--- EXERCISE DETAILS ---
Below are the records; copy exactly the stretch from the line containing "Издалека может показаться, что" through the line containing "On the beach, we", both ends included, and nothing else.

--- EXERCISE MATERIALS ---
━━━
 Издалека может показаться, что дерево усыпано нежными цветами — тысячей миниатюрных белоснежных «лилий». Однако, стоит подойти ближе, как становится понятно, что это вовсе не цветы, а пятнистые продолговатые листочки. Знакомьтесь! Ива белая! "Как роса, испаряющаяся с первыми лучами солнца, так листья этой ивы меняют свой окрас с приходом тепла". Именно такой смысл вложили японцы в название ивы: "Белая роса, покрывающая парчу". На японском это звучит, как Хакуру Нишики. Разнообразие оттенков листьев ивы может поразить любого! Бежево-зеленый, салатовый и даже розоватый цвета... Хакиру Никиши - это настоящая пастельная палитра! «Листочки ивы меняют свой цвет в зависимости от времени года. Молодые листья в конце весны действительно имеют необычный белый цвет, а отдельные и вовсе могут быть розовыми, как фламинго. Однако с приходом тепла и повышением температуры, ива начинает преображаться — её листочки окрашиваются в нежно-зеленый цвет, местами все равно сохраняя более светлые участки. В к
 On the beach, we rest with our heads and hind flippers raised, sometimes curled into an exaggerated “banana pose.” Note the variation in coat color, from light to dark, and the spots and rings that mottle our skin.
━━━
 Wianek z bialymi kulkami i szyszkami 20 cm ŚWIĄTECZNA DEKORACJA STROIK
━━━
--- OUTPUT OF THE TASK ---
 Издалека может показаться, что дерево усыпано нежными цветами — тысячей миниатюрных белоснежных «лилий». Однако, стоит подойти ближе, как становится понятно, что это вовсе не цветы, а пятнистые продолговатые листочки. Знакомьтесь! Ива белая! "Как роса, испаряющаяся с первыми лучами солнца, так листья этой ивы меняют свой окрас с приходом тепла". Именно такой смысл вложили японцы в название ивы: "Белая роса, покрывающая парчу". На японском это звучит, как Хакуру Нишики. Разнообразие оттенков листьев ивы может поразить любого! Бежево-зеленый, салатовый и даже розоватый цвета... Хакиру Никиши - это настоящая пастельная палитра! «Листочки ивы меняют свой цвет в зависимости от времени года. Молодые листья в конце весны действительно имеют необычный белый цвет, а отдельные и вовсе могут быть розовыми, как фламинго. Однако с приходом тепла и повышением температуры, ива начинает преображаться — её листочки окрашиваются в нежно-зеленый цвет, местами все равно сохраняя более светлые участки. В к
 On the beach, we rest with our heads and hind flippers raised, sometimes curled into an exaggerated “banana pose.” Note the variation in coat color, from light to dark, and the spots and rings that mottle our skin.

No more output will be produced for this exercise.